Relationship Between FDI and Exports in the Indian Food and Beverage Sector : An Empirical Study
DOI:
https://doi.org/10.17010/aijer/2023/v12i2/173178Keywords:
export intensity
, FDI, heterogeneity, panel dataJEL Classification Codes
, C23, F14, F23Paper Submission Date
, January 17, 2023, Paper sent back for Revision, April 10, Paper Acceptance Date, April 25, 2023Abstract
Purpose : The current study focused on analyzing the effect of foreign direct investment (FDI) on export performance and identifying the factors responsible for the diverse export performance of the food and beverage sector of the Indian economy. The fundamental incentive for conducting such a study is the growing relevance of exports and FDI in the internationalization process as well as their role in corporate efficacy.
Methodology : Besides FDI being the central variable, certain firm-level variables, namely capital intensity, debt-to-equity ratio, in-house R&D expenditure, embodied technology, disembodied technology, labor productivity, marketing costs, size, and age, were introduced as control variables. The Heckman and Tobit regression approaches were two-panel data techniques used to analyzed and compare the results. Furthermore, the results were computed and analyzed separately for the food, beverage, and manufacturing sectors (comprising the food and beverage sectors taken together).

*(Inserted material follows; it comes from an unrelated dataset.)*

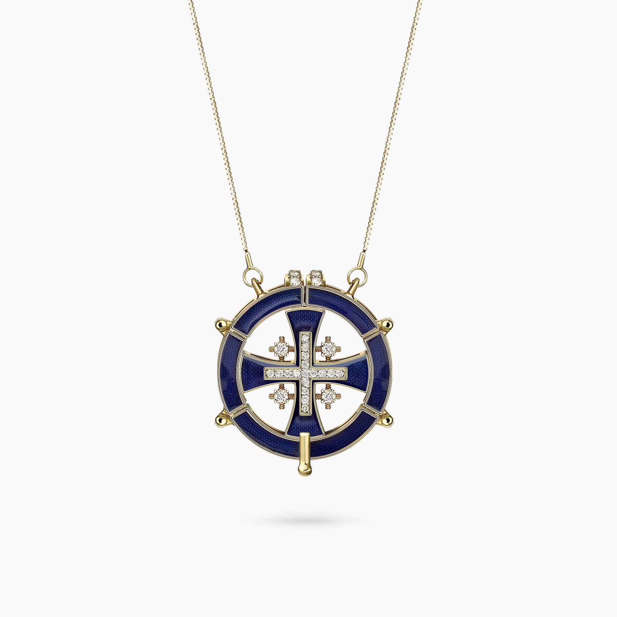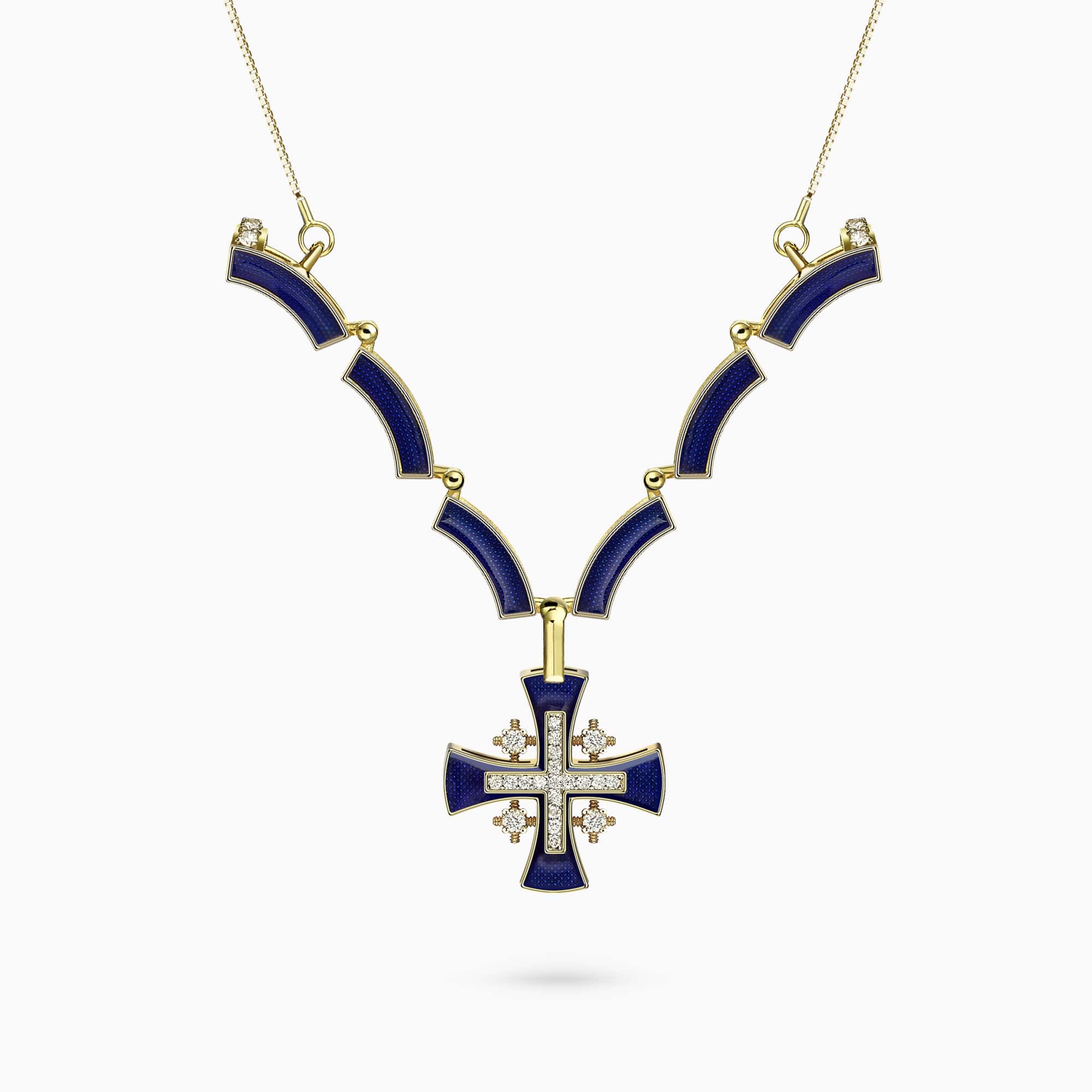 A Special, 14K Yellow Gold Cross Pendant, with 0.64Ct. Diamonds set in an Enamel Coating.

Findings : The findings revealed that regarding the variable FDI, the results were significantly negative, connoting that the nature of FDI is market-seeking intended to capture a more significant share of the domestic market without a subsequent increase in exports. FDI and exports were, hence, substitutes. In-house research and development and disembodied technology have an insignificant impact on export intensity. Capital intensity, debt-to-equity ratio, and embodied technology were significant variables and gave the same results across the methodologies used for the analysis. The results were different across the methods for labor productivity, marketing costs, size, size square, age, and age square.
Practical Implications : From the point of view of policymakers, there was no increase in exports as FDI was market-seeking. The Government should formulate policies appropriately to draw in additional FDI that seeks efficiency. Additionally, while capital intensity and debt-to-equity ratios were highly detrimental, exports could be increased in India through labor-intensive technology and better financial conditions. Furthermore, importing raw materials and capital goods should be eased as this improves the quality of products produced for exports.
Originality : To the best of our knowledge, this study is the first attempt to investigate the relationship between FDI and exports in the Indian economy’s food and beverage industry in the presence of heterogeneous firm-related characteristics. Understanding this link could help uncover the variables other than FDI that are responsible for varied export performance.